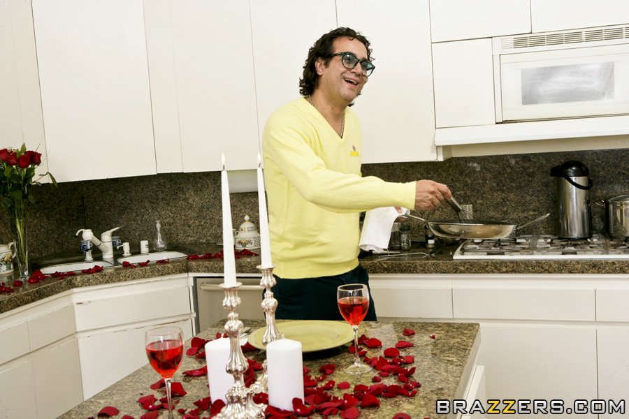 Shyla Stylez posing in her blue dress and gets her cunt fucked in the kitchen.
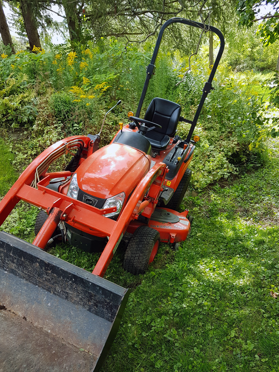 Just a refresher, Wiley is a Kioti CS2410. His mower deck is a Kioti SM2410. It’s a belly mower, meaning it rides under Wiley’s middle (as opposed to the mowers that are towed behind a tractor).
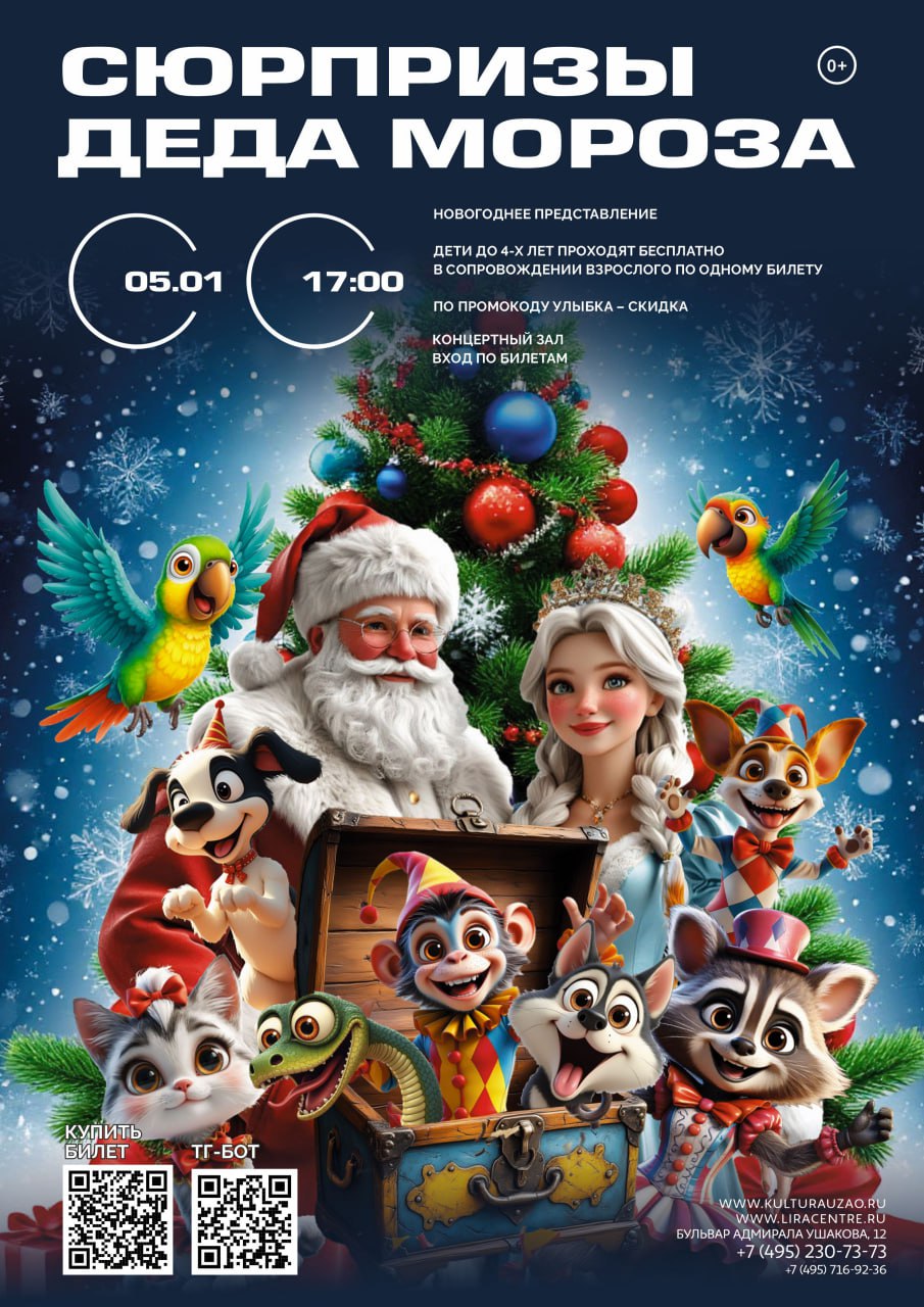 Дорогие родители и дети! Приглашаем вас окунуться в мир настоящего новогоднего чуда, где цирковое искусство встречается с любимой сказкой! В этом году Дедушке Морозу нужна помощь, и он приготовил для юных зрителей особенные "Сюрпризы"!
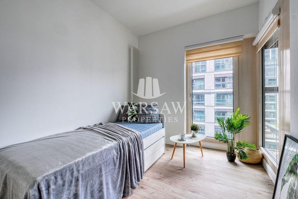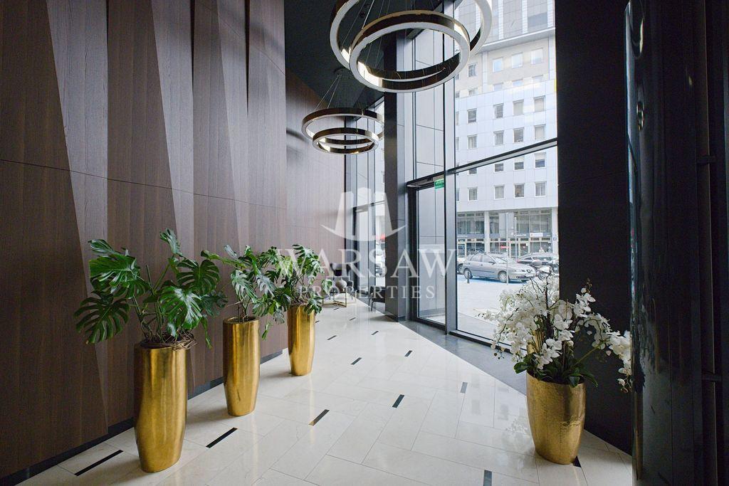 Komfortowy, nowy, klimatyzowany, apartament 3 – pokojowy w najnowszej części prestiżowego apartamentowca, położonego w centrum Warszawy położony na 11 pietrze, z dużymi oknami i ładnym, spokojnym widokiem.

========================================================================

Down to the last line, reproduce the material above exactly; skip its images.

Result for this exercise:
 Shyla Stylez posing in her blue dress and gets her cunt fucked in the kitchen.
 Just a refresher, Wiley is a Kioti CS2410. His mower deck is a Kioti SM2410. It’s a belly mower, meaning it rides under Wiley’s middle (as opposed to the mowers that are towed behind a tractor).
 Дорогие родители и дети! Приглашаем вас окунуться в мир настоящего новогоднего чуда, где цирковое искусство встречается с любимой сказкой! В этом году Дедушке Морозу нужна помощь, и он приготовил для юных зрителей особенные "Сюрпризы"!
 Komfortowy, nowy, klimatyzowany, apartament 3 – pokojowy w najnowszej części prestiżowego apartamentowca, położonego w centrum Warszawy położony na 11 pietrze, z dużymi oknami i ładnym, spokojnym widokiem.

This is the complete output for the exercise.